Wenn in Frankreich der Comic ruft, kommen alle – sogar der Präsident. Emmanuel Macrons Besuch brachte die Logistik des Festivals an den Rand des Zusammenbruchs.
Dass er sich trotz der hitzigen Debatten rund um die Rentenreform Zeit für einen Besuch in Angoulême nahm, wurde als wichtiges Bekenntnis zum Comic gewertet.
Macrons Besuch hatte allerdings einen guten Grund: 2020 wurde in Frankreich zum «Jahr des Comics» ausgerufen. Mehr Mittel sollen in die nationale und internationale Sichtbarkeit und Vermittlung von Comics investiert werden.
Allerdings gehen diese Massnahmen an den echten Bedürfnissen der Comicschaffenden vorbei. Obschon der Comic seit 25 Jahren boomt, geht es vielen Zeichnerinnen und Zeichnern immer schlechter.
Über die Hälfte der rund 2000 professionellen Autorinnen und Autoren verdient weniger als den Mindestlohn, ein grosser Prozentsatz lebt unter der Armutsgrenze.
Mittlerweile erscheinen weit über 5000 Comics pro Jahr; die Produktion ist viel schneller gewachsen als die Leserschaft. Das hat zu einem drastischen Absinken der Durchschnittsauflagen und damit der Einkünfte geführt.
Streikende Comiczeichner
Die Comicschaffenden nutzten darum das «Jahr des Comics» und den Besuch von Präsident und Kulturminister als Plattform für eigene Forderungen zur Verbesserung ihrer Lage. Ihr Standpunkt: Der Boom ist den Autoren zu verdanken, also sollen auch sie davon profitieren.
Vergangenen Freitagnachmittag legten sie ihre Signierstifte eine Stunde lang nieder und zogen durch Angoulême.
Aber auch mit Streik war die diesjährige Ausgabe des Festivals ein Erfolg. Der Publikumszuspruch war ungebrochen, vor den Signiertischen, den Podiumsgesprächen mit nationalen und internationalen Grössen und den Ausstellungen bildeten sich lange Warteschlangen.

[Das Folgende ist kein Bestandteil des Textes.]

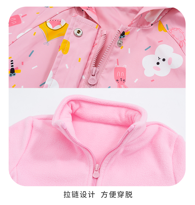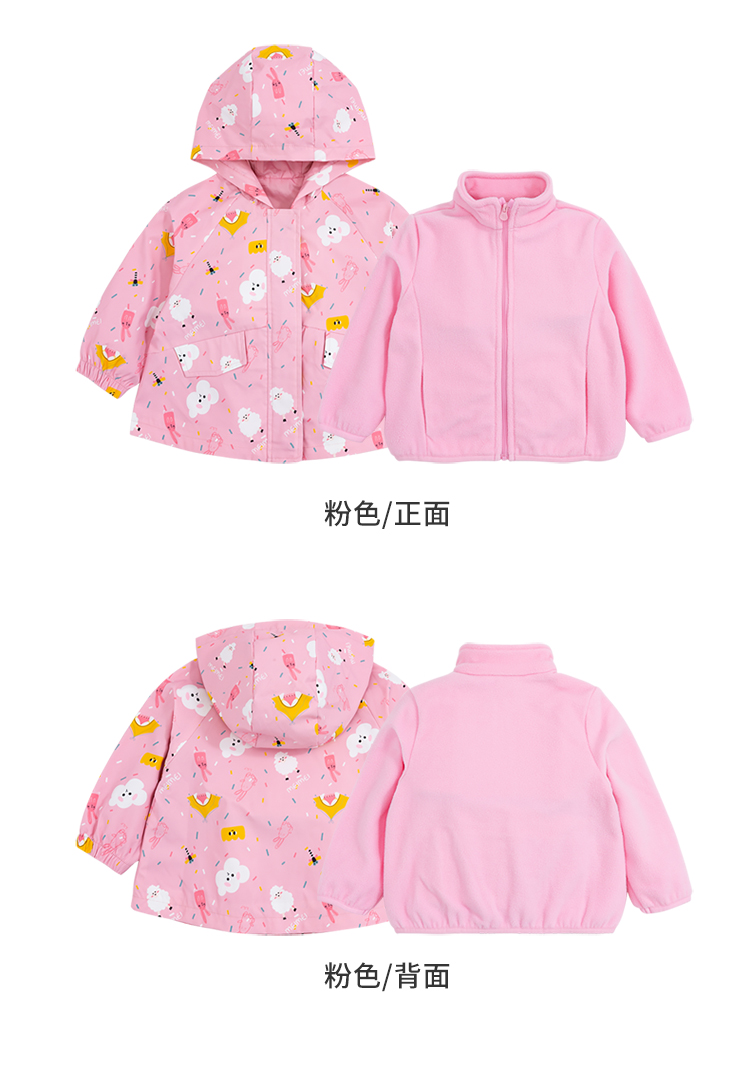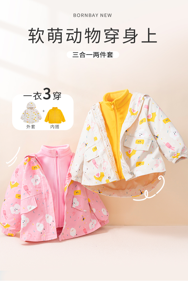贝贝怡女童三合一冲锋衣宝宝加绒加厚小童风衣两件套儿童秋冬外套223S3051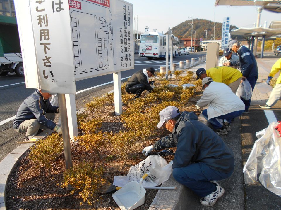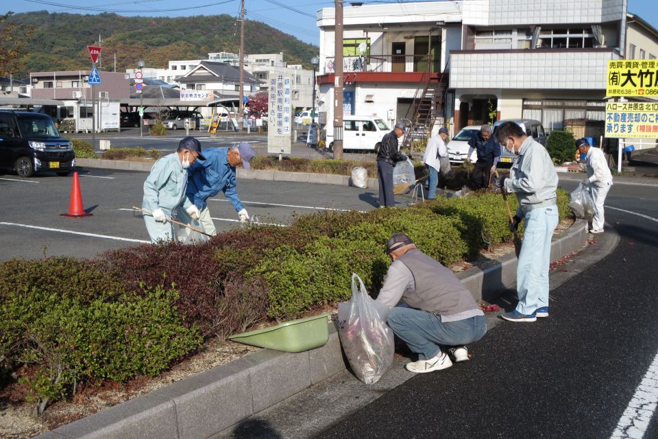 井原地区の会員18名で井原市社会福祉協議会敷地内の剪定、草取り等を行いました。

Die Nachwehen des Attentats
Poetisch und eindringlich, amüsant und existenziell zugleich war etwa die Ausstellung über Catherine Meurisse. Die 1980 geborene Zeichnerin stiess noch während ihres Studiums zur Satirezeitschrift Charlie Hebdo und war ab 2005 deren erste, weibliche Redaktorin.
Den Anschlag vom 7. Januar 2015 überlebte sie nur, weil sie an dem Tag verspätet war. Traumatisiert verabschiedete sich wenig später von der politischen Karikatur. In zwei autobiografischen Graphic Novels verarbeitete sie die Folgen des Anschlags.
In «Leichtigkeit» schilderte sie, wie sie sich dank ihrer Beziehung zur bildenden Kunst wieder aufrichtete; in «Weites Land» tauchte sie in ihre Kindheit auf dem Land und die Welt der Literatur ein.
Die Ausstellung «Chemin de traverse» zeichnete Meurisses Weg vor und nach dem Charlie-Hebdo-Massaker nach, ein Weg zwischen Karikatur und Comic, Spott und Kunst, Boshaftigkeit und Poesie, Feminismus und Selbstironie.
Diese und andere Ausstellungen bestätigen die positive Entwicklung des Festivals: Nachdem lange das Kommerzielle im Mittelpunkt stand, wurde wieder viel Wert auf klug kuratierte Schaus gelegt, die aufschlussreiche Schlaglichter auf Geschichte und Gegenwart der Comics warfen.